Quince días después sabrá que la incursión nocturna de la señora Mir ha sido el inicio de un rosario de sobresaltos para Violeta, la primera de una serie de escapadas sin avisar y de caprichosos vagabundeos más allá del barrio, mientras el descuido de su persona y de la casa, el culto a la soledad y al desamparo y el paulatino abandono de sus pacientes, iniciado unas semanas antes, había empezado ya a no tener vuelta atrás. Un domingo soleado a mediados de febrero salió de casa a primera hora y no se presentó a comer. Por la tarde, después de buscarla en algunas tabernas del barrio, incluso en el bar del Salón Cibeles y en el de La Lealtad, Violeta supo por la peluquera Rufina que la habían visto de buena mañana remontando como sonámbula la carretera del Carmelo. Anochecía cuando su hija la encontró en la ladera oriental de la Montaña Pelada, sentada en los tres peldaños de la escalinata trunca labrada en la roca. Sujetando con fuerza su capacho lleno de espliego reseco, miraba con mucha atención unas volutas de humo negro subiendo hasta el cielo desde las miserables techumbres de las chabolas del Carmelo, y no quería levantarse. Se mostró lúcida y tranquila, dijo que había subido a buscar flor de saúco.

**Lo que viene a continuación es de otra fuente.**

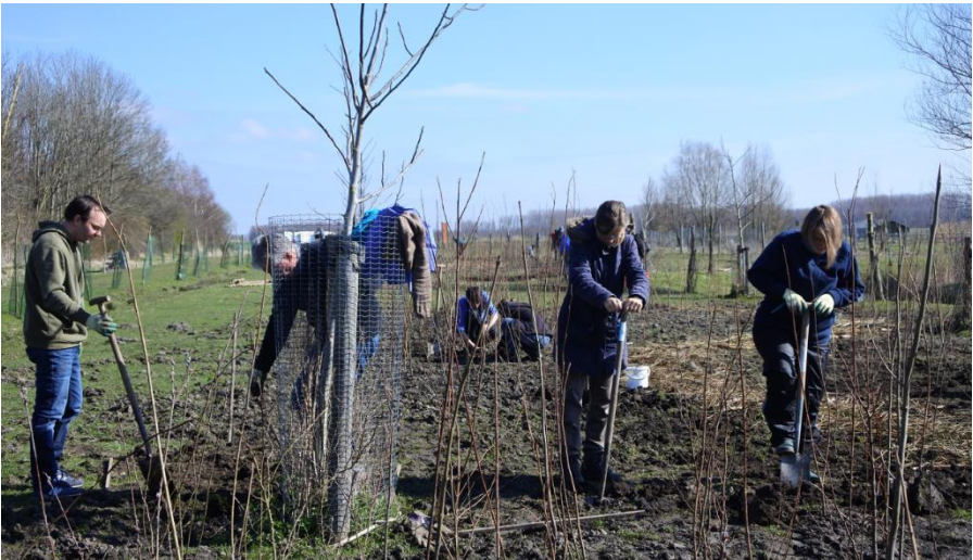
Aanplant van de tweede fase in maart 2022

Op 9 en 12 maart 2022 zijn in het Stiltegoed van Delft twee voedselbosjes aangeplant, goed voor zo'n 1000 bomen en struiken. Deze vormen een onderdeel van een reeks van vijf kleine bosclementen die in drie fasen worden aangelegd. De eerste fase van twee bosjes, samen 1600 bomen, is in het voorjaar 2021 aangeplant. De tweede fase in 2022 wordt gevormd door de voedselbossen en in het voorjaar van 2023 wordt de derde fase van circa 1000 bomen geplant. Het gaat in totaal dus om circa 3600 bomen en struiken.

– Me ha prometido no volver a escaparse, señora Paqui -dice Violeta mientras se toma un café con leche en la barra del Rosales-. Ahora está en la cama. La abuela Aurora vendrá a verla esta tarde o mañana… No creo que se mueva, pero si usted o el señor Agustín la ven salir de casa, me mandan aviso al hospital, por favor -y mirando a Ringo parece incluirle en la petición.

Encontrarse a Violeta en la taberna, y verla además charlando amistosamente con la señora Paquita, es toda una novedad. Lleva un jersey blanco de cuello de cisne y un abrigo que le queda corto, el pelo recogido en un moño, zapatos y medias blancas y una bata nueva de enfermera doblada en el brazo. La tabernera la escucha con expresión apenada, pues ve llegar calamidades sin fin para esta chica: no tiene más familia que su padre y su madre y la abuela paterna -que desde hace años no quiere saber nada de su hijo Ramón-, y puede sentirse muy sola.